### WHAT THE EXERCISE ASKS
With the pictures left out, please return exactly the line holding "tilpasning til barnet." and each following line until the entries end.

### MATERIAL PROVIDED
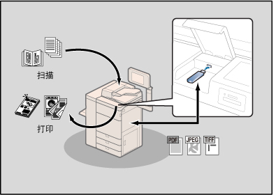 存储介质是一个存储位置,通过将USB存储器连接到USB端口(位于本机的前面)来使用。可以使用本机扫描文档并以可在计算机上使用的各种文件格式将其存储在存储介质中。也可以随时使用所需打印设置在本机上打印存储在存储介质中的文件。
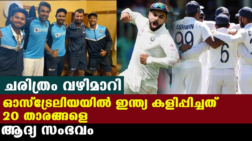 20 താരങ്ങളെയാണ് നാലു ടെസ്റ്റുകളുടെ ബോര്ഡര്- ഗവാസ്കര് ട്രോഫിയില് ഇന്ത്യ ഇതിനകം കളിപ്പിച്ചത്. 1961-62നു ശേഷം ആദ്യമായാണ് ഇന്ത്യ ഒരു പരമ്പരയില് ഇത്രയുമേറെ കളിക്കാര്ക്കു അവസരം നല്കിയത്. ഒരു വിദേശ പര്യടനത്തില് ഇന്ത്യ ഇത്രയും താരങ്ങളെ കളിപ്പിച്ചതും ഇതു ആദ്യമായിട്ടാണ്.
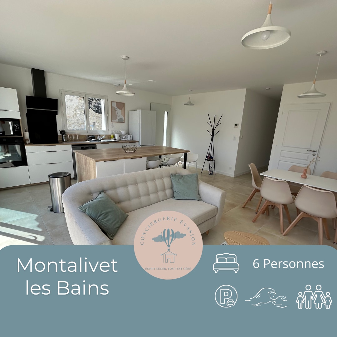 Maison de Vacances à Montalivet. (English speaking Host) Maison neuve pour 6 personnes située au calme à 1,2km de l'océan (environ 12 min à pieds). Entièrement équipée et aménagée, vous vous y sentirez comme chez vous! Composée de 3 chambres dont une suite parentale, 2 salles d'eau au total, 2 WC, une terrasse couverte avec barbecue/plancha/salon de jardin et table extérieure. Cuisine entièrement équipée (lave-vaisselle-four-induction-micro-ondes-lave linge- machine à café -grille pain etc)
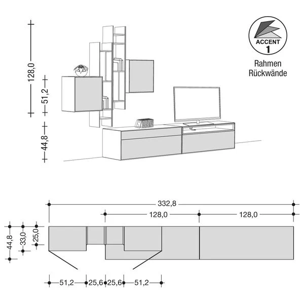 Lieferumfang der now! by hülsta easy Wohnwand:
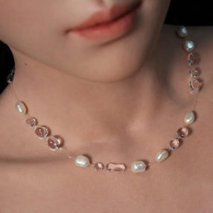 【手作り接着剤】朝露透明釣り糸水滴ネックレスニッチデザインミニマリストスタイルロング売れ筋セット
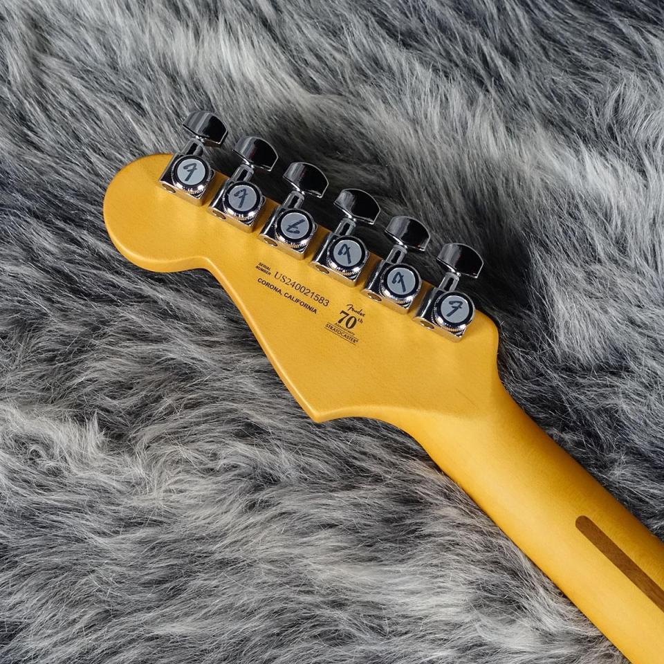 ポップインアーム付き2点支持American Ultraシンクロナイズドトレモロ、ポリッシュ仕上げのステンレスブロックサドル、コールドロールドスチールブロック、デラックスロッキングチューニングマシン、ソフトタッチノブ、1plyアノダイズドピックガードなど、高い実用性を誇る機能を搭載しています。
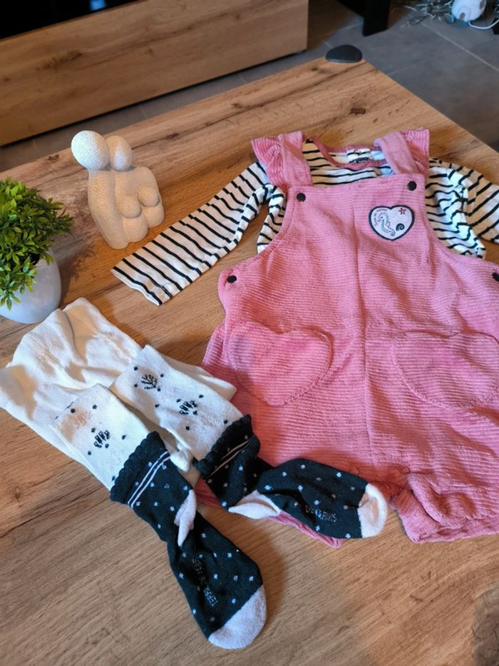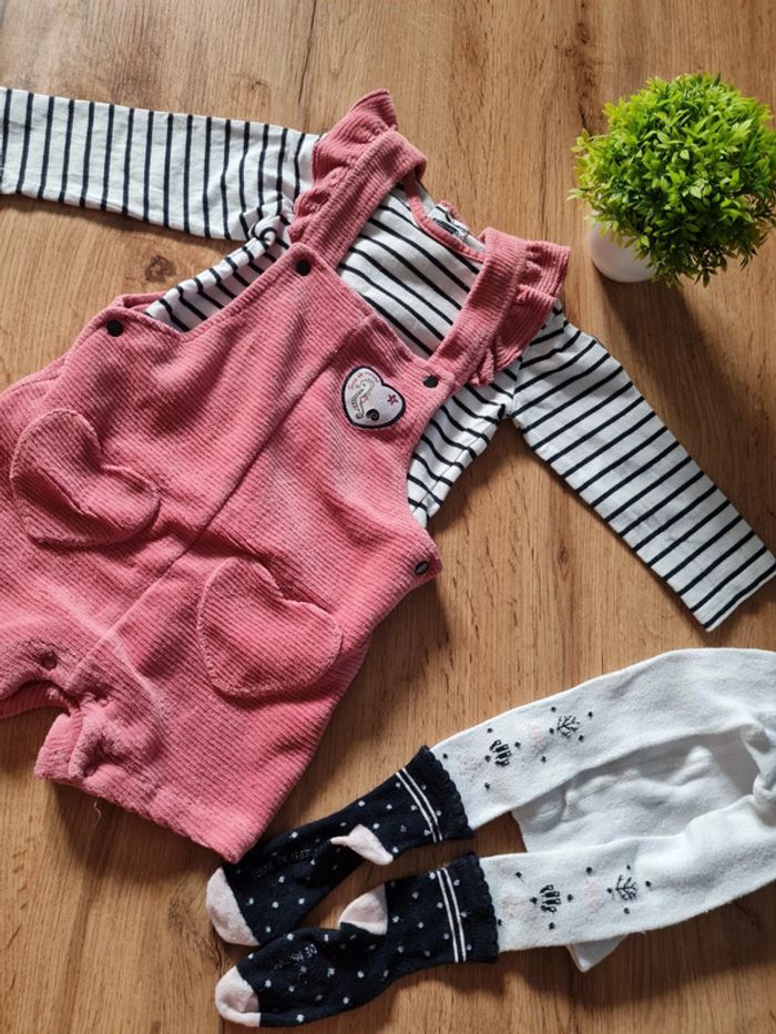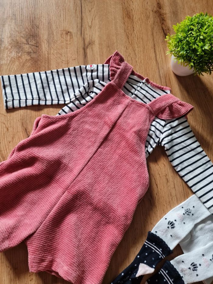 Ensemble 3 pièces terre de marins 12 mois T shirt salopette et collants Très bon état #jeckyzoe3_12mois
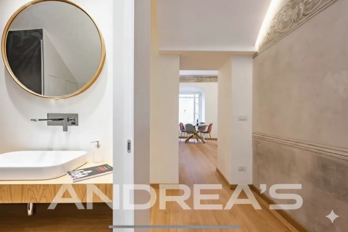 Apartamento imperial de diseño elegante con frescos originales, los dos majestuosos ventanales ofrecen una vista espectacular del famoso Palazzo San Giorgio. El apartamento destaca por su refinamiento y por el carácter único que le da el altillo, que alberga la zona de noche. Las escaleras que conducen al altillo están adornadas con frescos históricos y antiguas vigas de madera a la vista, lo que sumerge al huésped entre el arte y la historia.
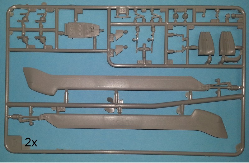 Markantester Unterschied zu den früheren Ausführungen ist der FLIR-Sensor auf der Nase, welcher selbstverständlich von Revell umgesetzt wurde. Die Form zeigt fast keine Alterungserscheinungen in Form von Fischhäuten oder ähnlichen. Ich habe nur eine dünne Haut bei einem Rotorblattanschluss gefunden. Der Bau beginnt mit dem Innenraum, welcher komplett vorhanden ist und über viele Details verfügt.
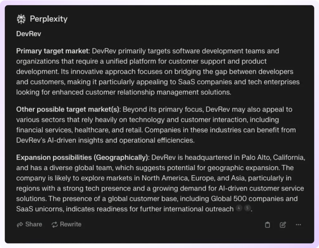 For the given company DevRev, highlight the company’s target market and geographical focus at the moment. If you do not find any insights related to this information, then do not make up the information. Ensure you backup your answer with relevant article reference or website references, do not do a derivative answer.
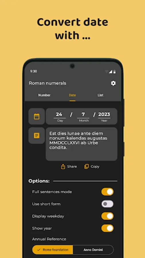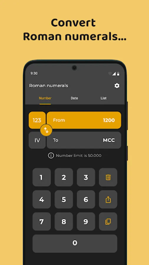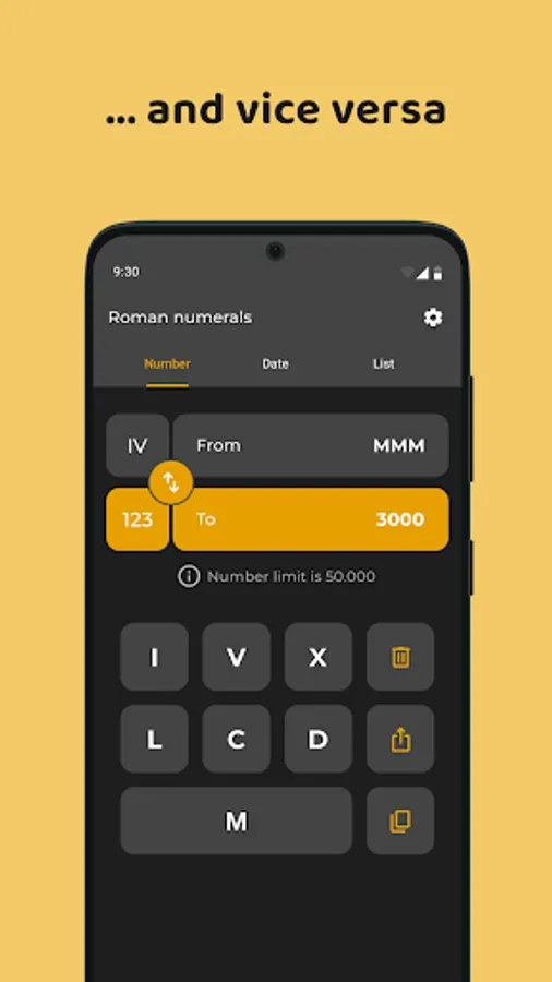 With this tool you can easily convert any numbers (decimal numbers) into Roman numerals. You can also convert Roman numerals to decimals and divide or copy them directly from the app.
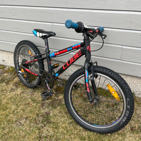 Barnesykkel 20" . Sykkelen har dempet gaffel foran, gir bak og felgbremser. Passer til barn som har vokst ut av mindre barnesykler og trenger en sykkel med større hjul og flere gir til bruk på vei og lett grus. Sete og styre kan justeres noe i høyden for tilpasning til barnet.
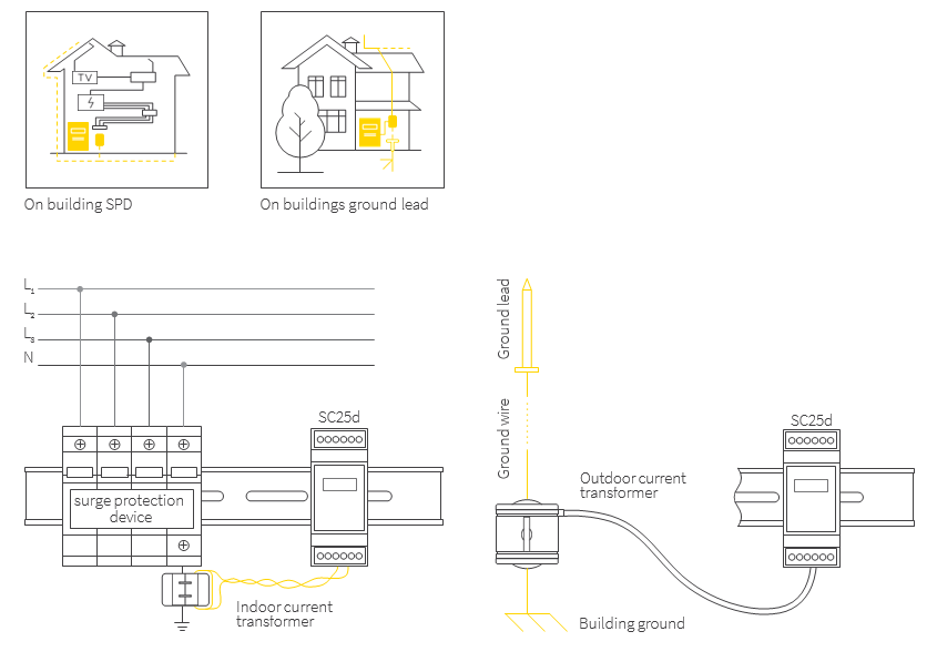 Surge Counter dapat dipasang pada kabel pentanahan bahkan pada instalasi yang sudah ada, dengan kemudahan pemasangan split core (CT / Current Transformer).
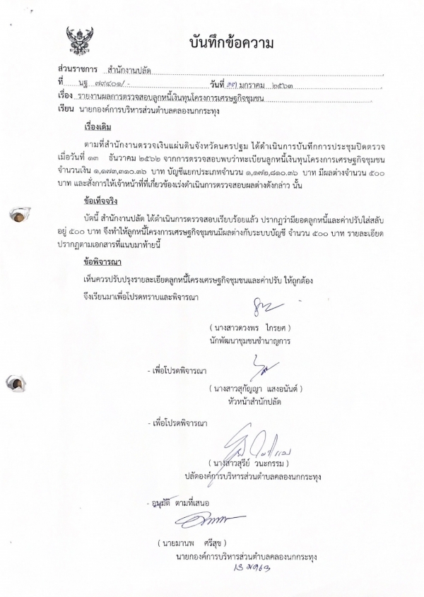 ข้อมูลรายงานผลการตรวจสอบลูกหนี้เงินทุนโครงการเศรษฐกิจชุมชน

### OUTPUT FOR THIS EXERCISE
 Barnesykkel 20" . Sykkelen har dempet gaffel foran, gir bak og felgbremser. Passer til barn som har vokst ut av mindre barnesykler og trenger en sykkel med større hjul og flere gir til bruk på vei og lett grus. Sete og styre kan justeres noe i høyden for tilpasning til barnet.
 Surge Counter dapat dipasang pada kabel pentanahan bahkan pada instalasi yang sudah ada, dengan kemudahan pemasangan split core (CT / Current Transformer).
 ข้อมูลรายงานผลการตรวจสอบลูกหนี้เงินทุนโครงการเศรษฐกิจชุมชน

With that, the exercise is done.